219 The just world's lord continually exercises far-sightedness in judging of the grades of mankind, and so keeps the garden of promo­tion fresh and verdant. He knows the tests for men and bestows power upon them in accordance therewith. Just as it is indispensable that the cupbearer of the royal feast should judge of the drinking-capacities of men, and distribute the man-trying world's wine in proportion thereto, so does the ruler of the age in the plenitude of his perspicacity carry out this principle in the most choice manner. Some he raises to dignities step by step, and some whom he has found worthy of greatness are at once raised by him to the pinnacle of honour.
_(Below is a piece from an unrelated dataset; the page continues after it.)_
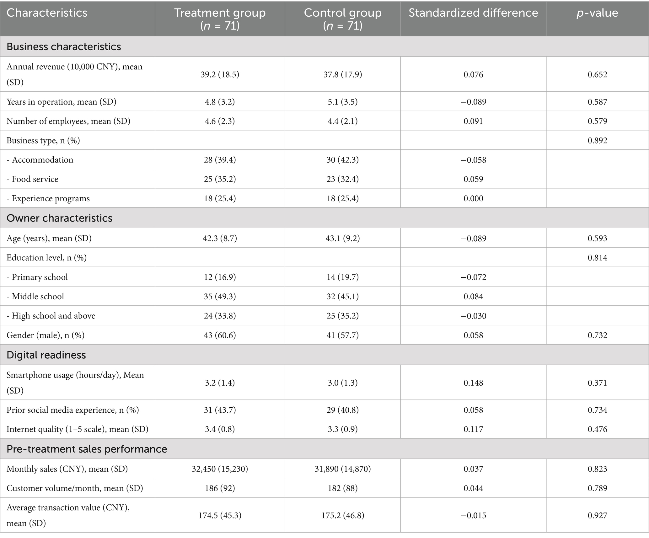 Sample selection follows strict inclusion and exclusion criteria. Participating merchants must have basic Internet access conditions and the ability to use smartphones to ensure they can implement social media marketing strategies. Merchants need to have at least 1 year of business history and a relatively stable supply of products to eliminate the interference of the new opening effect. Meanwhile, the merchants had not carried out large-scale marketing activities within the 3 months prior to the experiment to avoid the superimposition of marketing effects. With the assistance of the local tourism department, the research team initially screened out 186 eligible merchants. After a detailed baseline survey and confirmation of their willingness, 142 merchants finally agreed to participate in the experiment. The average annual turnover of these merchants is 385,000 yuan, and the number of employees ranges from 2 to 8. Among them, 68% of the operators are aged between 35 and 50, which is quite representative.
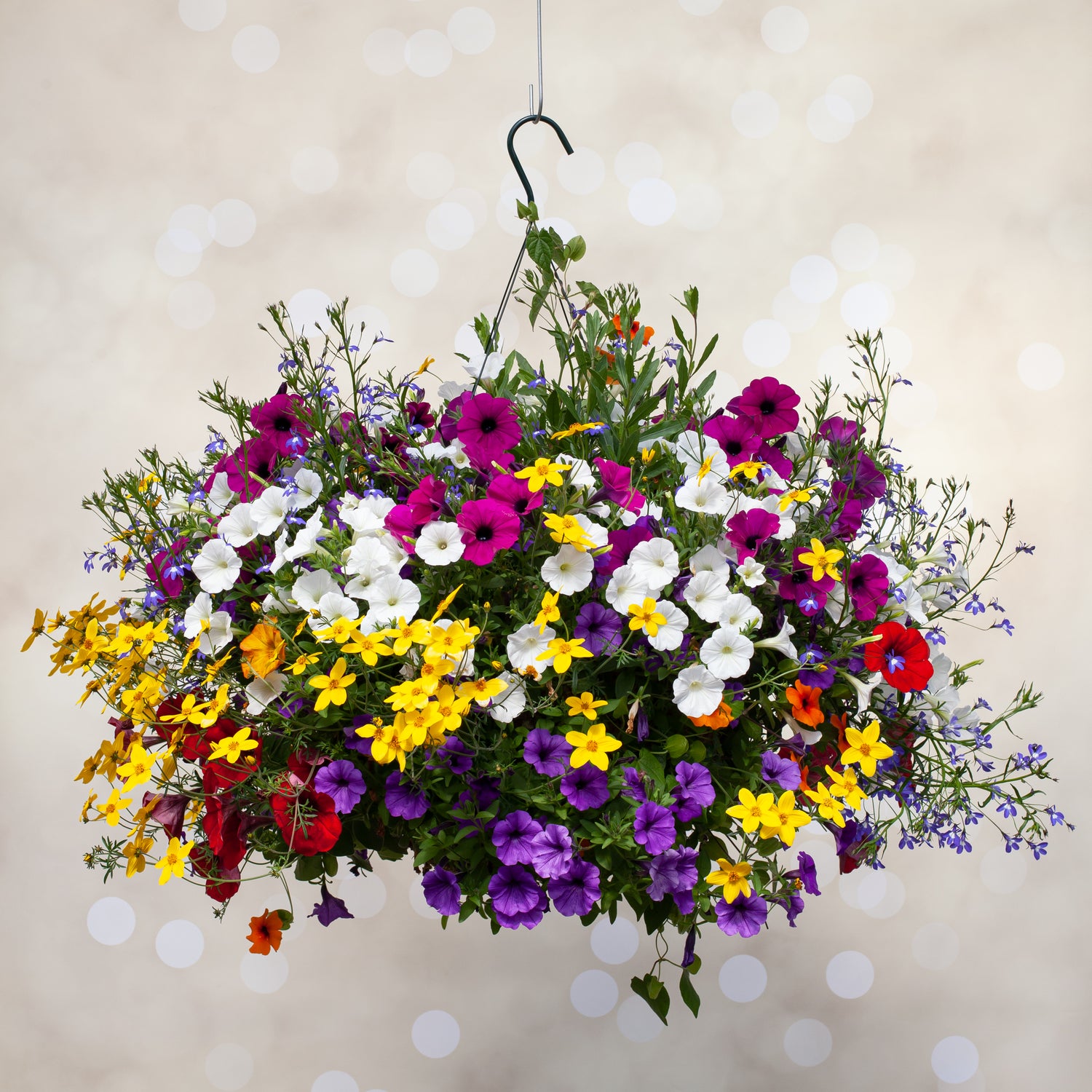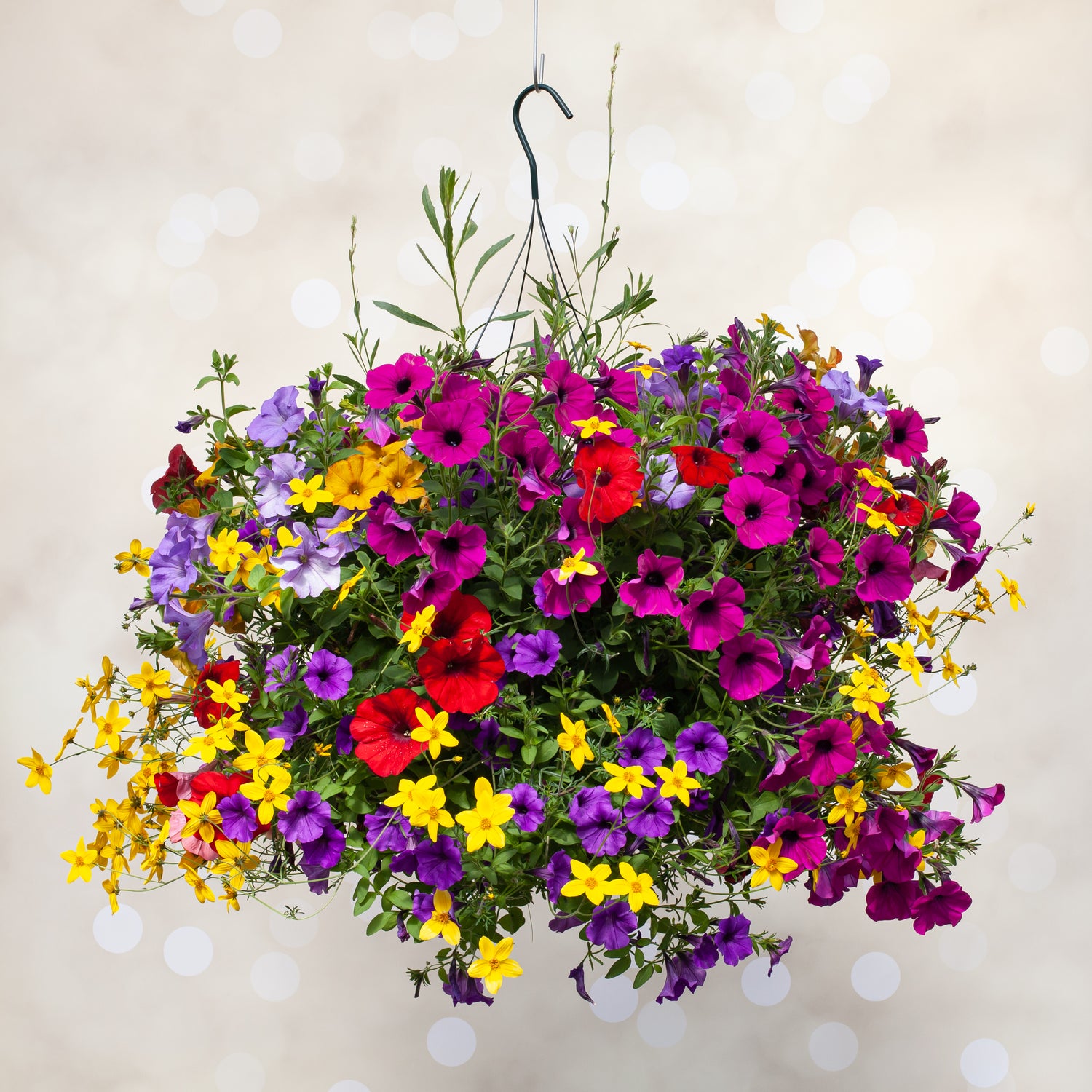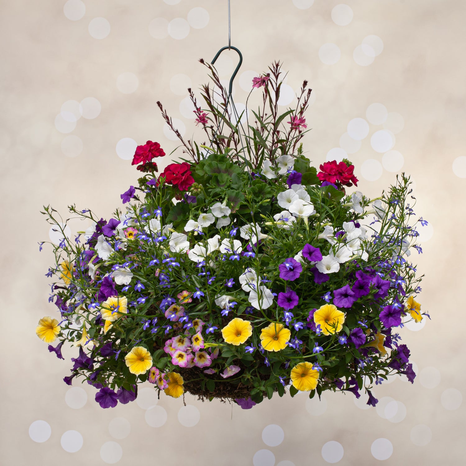 The Summer Breeze sun basket boasts cascading white, blue, and purple petunias, adorned with pops of vibrant oranges and reds. Adding to its charm, delicate Thunbergia gracefully crawls up the basket, creating a picturesque display that captures the essence of a warm summer day.

As at this time, which was the beginning of the spring of daily-increasing fortune, he perceived in the characters of his sons the rays of intelligence and of apprehension of truth, he disregarded the tenderness of their years and raised each of them to a lofty dignity. As the household cavalry numbered 12,000 and were known by the name of Aḥadīs, and as no commander or amīr had a higher rank than that of 5000, the rank of Sulan Selīm was fixed at 10,000, and H.M. said that from observing the obedience, good disposition, prudence, and endurance of this nursling of dominion he made over the whole of the army to his charge. Prince Sultan Murād was made a commander of 7000, and Prince Sultan Daniel a commander of 6000 …
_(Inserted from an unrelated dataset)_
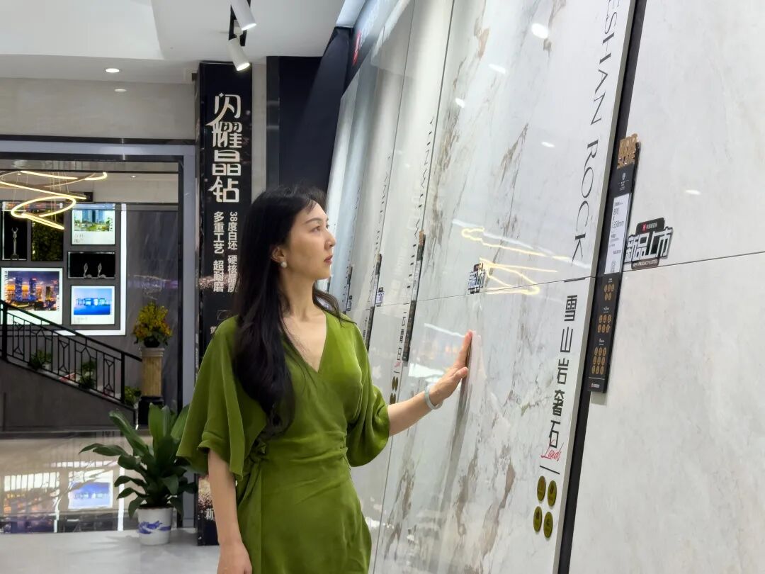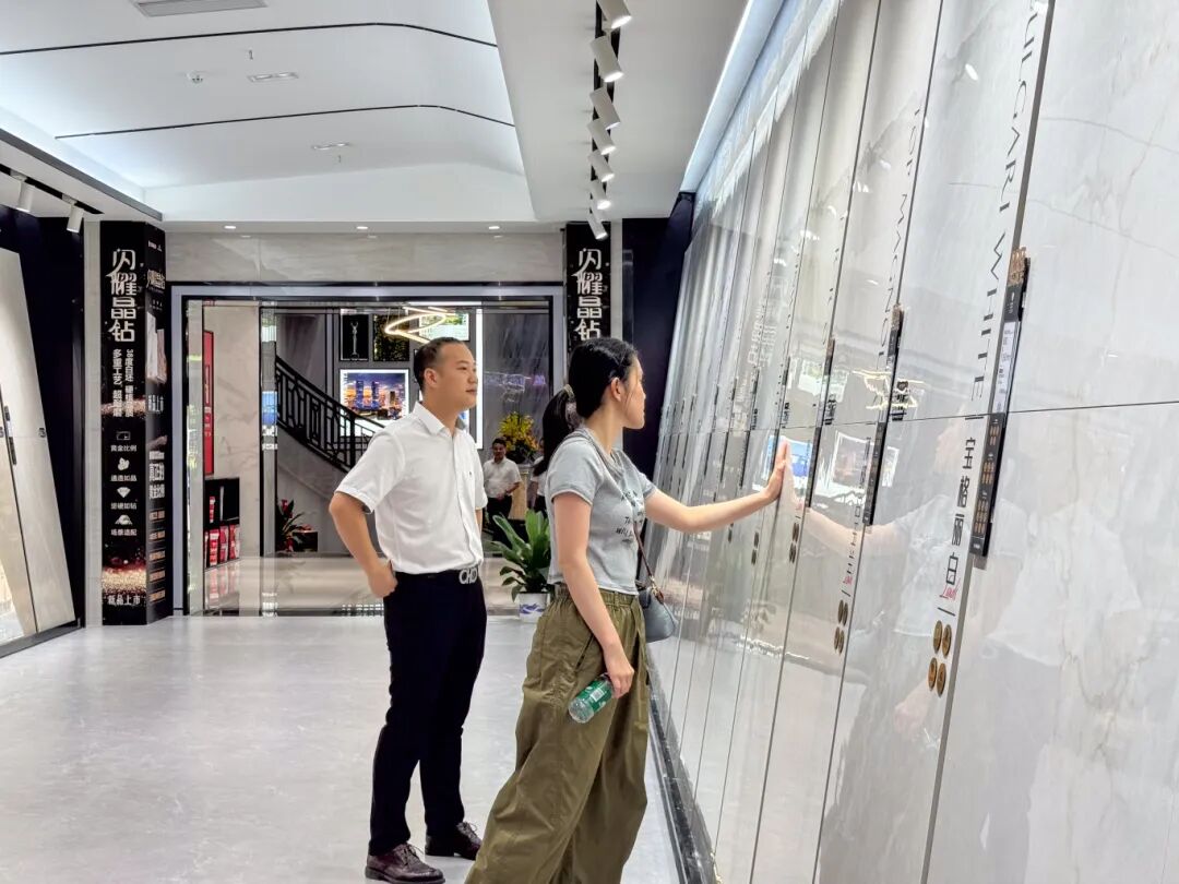 设计师们驻足「闪耀晶钻系列」展区,指尖轻触瓷砖表面,一场关于材质与美学的对话悄然展开。

220 Though the sovereign went on, stage by stage, in the enjoy­ment of hunting, yet all his energy was devoted to the capture of hearts. Spiritual and temporal ministrations issued from time to time from the fount of enlightenment, and good actions adorned the age. At the stage of Bāmrī(?)* which is a dependency of Mīrta* it was brought to his notice that the country was lying waste owing to the bad condition of the reservoirs. In his abundant graciousness he visited the neighbourhood, and distributed active workmen among the officers. By one day's digging moisture was bestowed.
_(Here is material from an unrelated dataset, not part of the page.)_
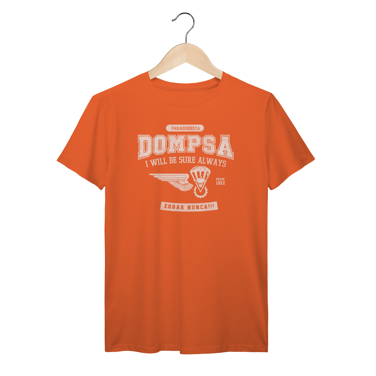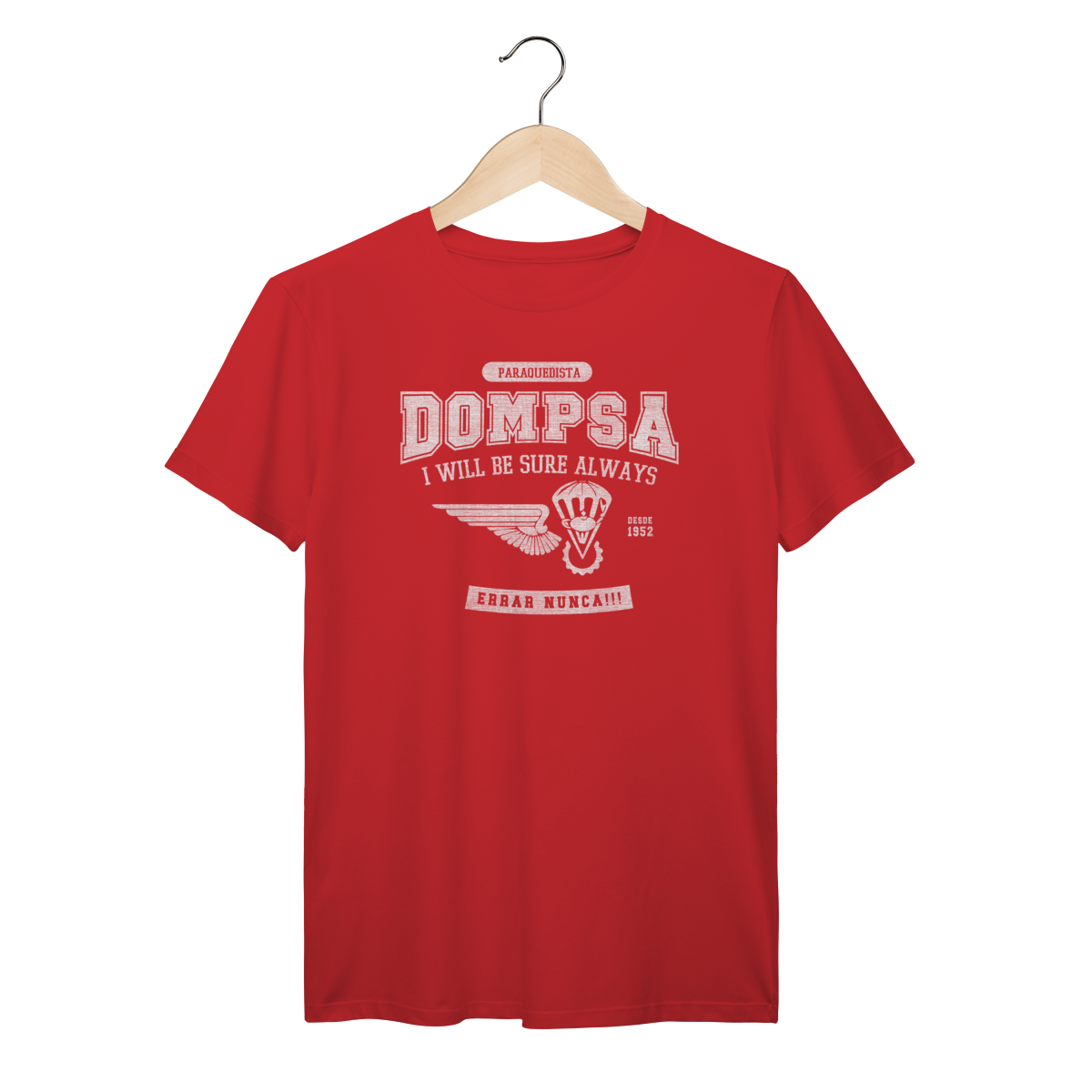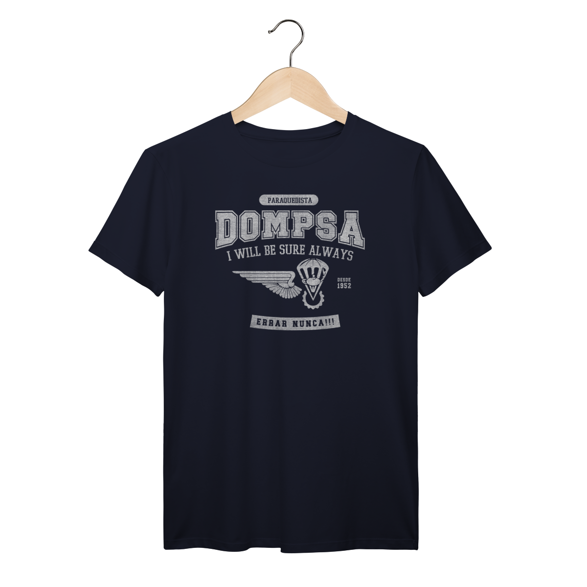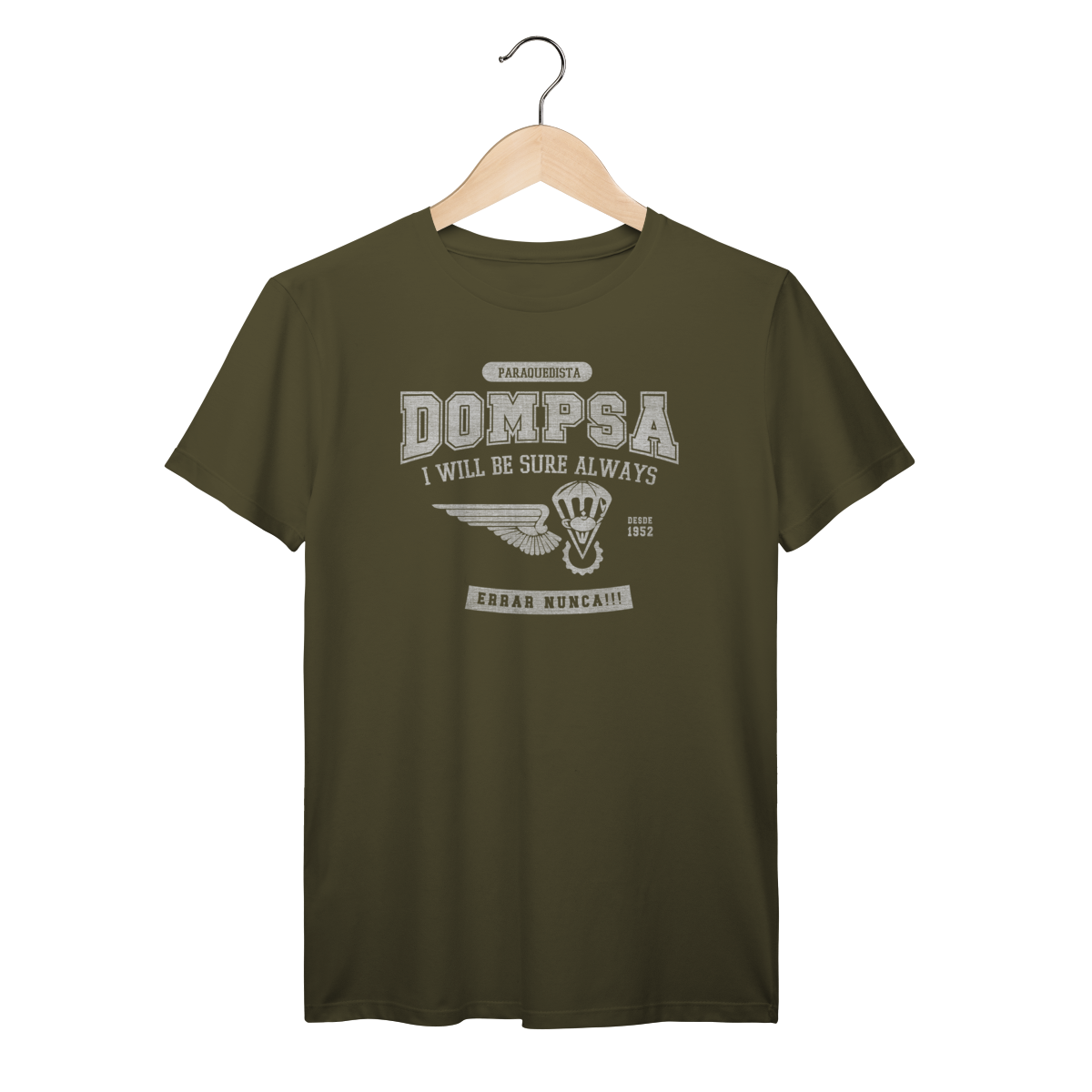 Exclusiva para quem conhece o valor da precisão. Celebre sua ligação com a DOMPSA (Batalhão de Dobragem, Manutenção de Pára-quedas e Suprimento pelo Ar)Feita para os fortes, esta camiseta em algodão 30.1 combina o orgulho da especialidade com o conforto necessário para o dia a dia.

The tanks shone like hearts' tablets,
They appeared like mirrors of wisdom,
Their limpid waters were like eyes,
Every drop was a hundred pearls.

One of the occurrences was the sending of a body of brave men to the province of Ajmere. When Shahbāz K.'s report was read and it appeared that he wanted some experienced men to take charge of the passes, Shaikh Ibrāhīm Fatḥpūrī was sent there with troops in order that he might take post in the territory of Lādlāī* and reduce to obedience the recalcitrants of that country, and that Shahbāz K. might exert himself in suppressing the Rānā.